2009年11月16日 08時07分28秒 | 後継者育成

後継者育成事業三日目。
前日、下染めまで全員が進んだので、ちょっと一安心?
「このペースで行けば、完璧だ!」    
と思ったのだが、世の中はそんなに甘く無い!

Cimg1014 朝から、バックの編み方に入った。「午前中に底の部分を編み終わり、午後から立ち上がって行けば、充分、余裕を持って出来るだろう?」と計算していたのだが、底編みで思わぬ時間が掛かってしまっている。

Cimg1016 通常、私たちが底編みするのは、20分~30分くらいである。立ち上げる所になると、熱を使って曲げたり、角の所の編み方が難しくなるのだが、「底編み自体は、それほど難しい事は無いだろう!」と高を括っていたのだ。

ところが、実際は午前中で終わるどころか、2時になっても3時になっても、立ち上げに掛かれない。
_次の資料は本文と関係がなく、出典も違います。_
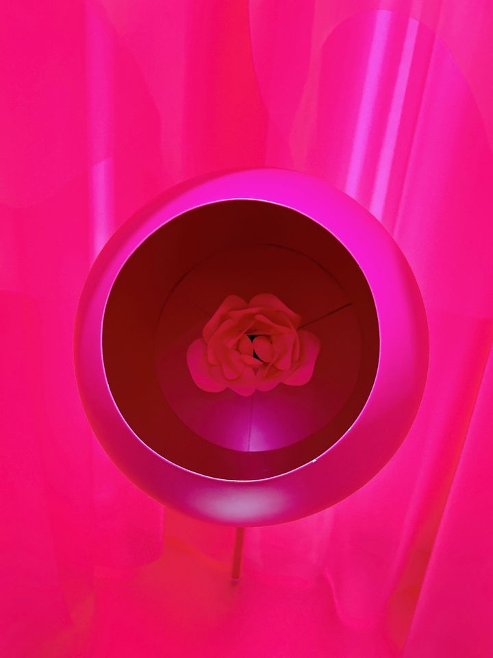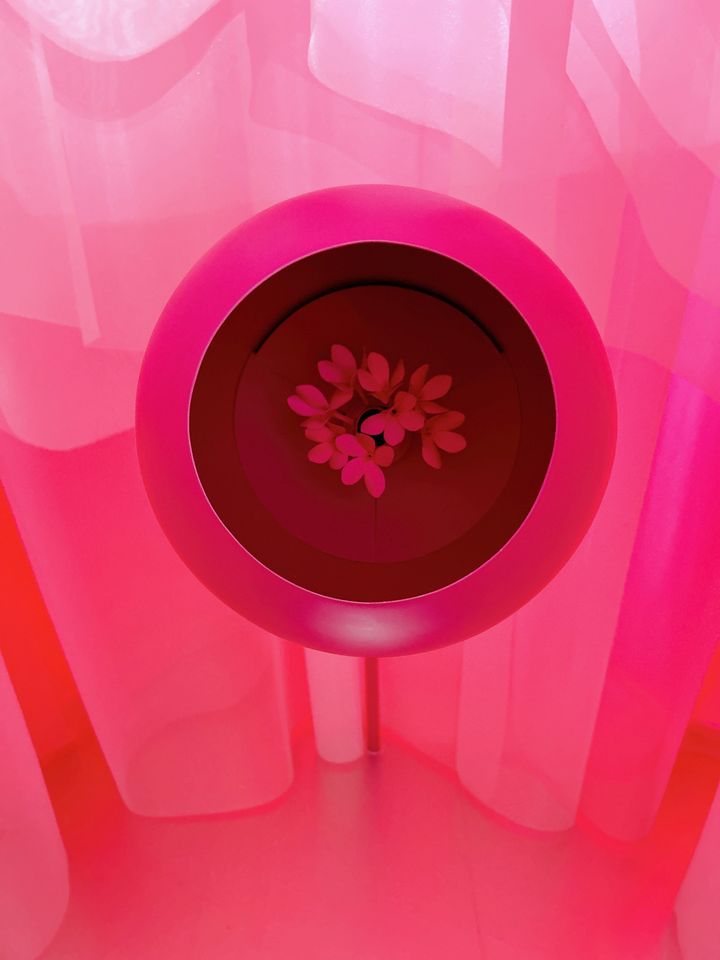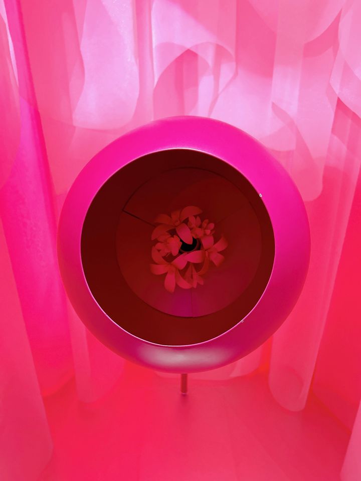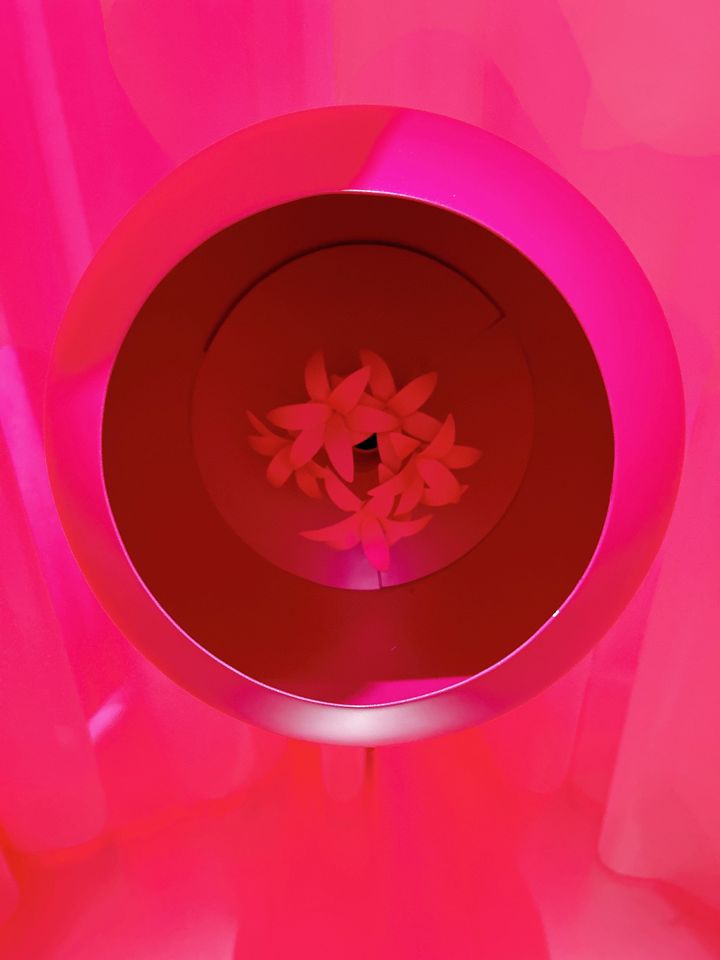 ピンクのガラス越しに、ゆっくり回転する姿をしばらく眺めていました。

「んー、困った!」

今日のうちに立ち上げまで教えて置けば、次の事業まで、1週間余裕があるので、家でゆっくりと最後まで編み上げて貰うつもりでいたのだ。

3時から、ようやく、立ち上げの「コテ曲げ」に掛かる。しかし、無常にも時間はどんどん過ぎて行く、このまま、中途半端なまま、授業を終わり、「次週までに編み上げてくるように!」と云うことにしたら、恐らく来週、編み上げて来た作品を見て愕然とするのは目に見えている。

急遽、別府でアパート住まいしている、生徒の一人「ヨッシー」の部屋を借りて、延長授業をすることに!

Cimg1022 こんな特別授業は始めてである。

立ち上げの部分は、網代編みの中では、一番神経を使うところで、この部分を見れば、素人細工か?職人の仕事か?ひと目で判る所である。

どうしても、中途半端な形では教えたく無かったので、生徒にも無理を言って、延長授業したのだ。

これで、来週、編み上げて来た篭を見ても、ガックリすることは無いだろう?   かな?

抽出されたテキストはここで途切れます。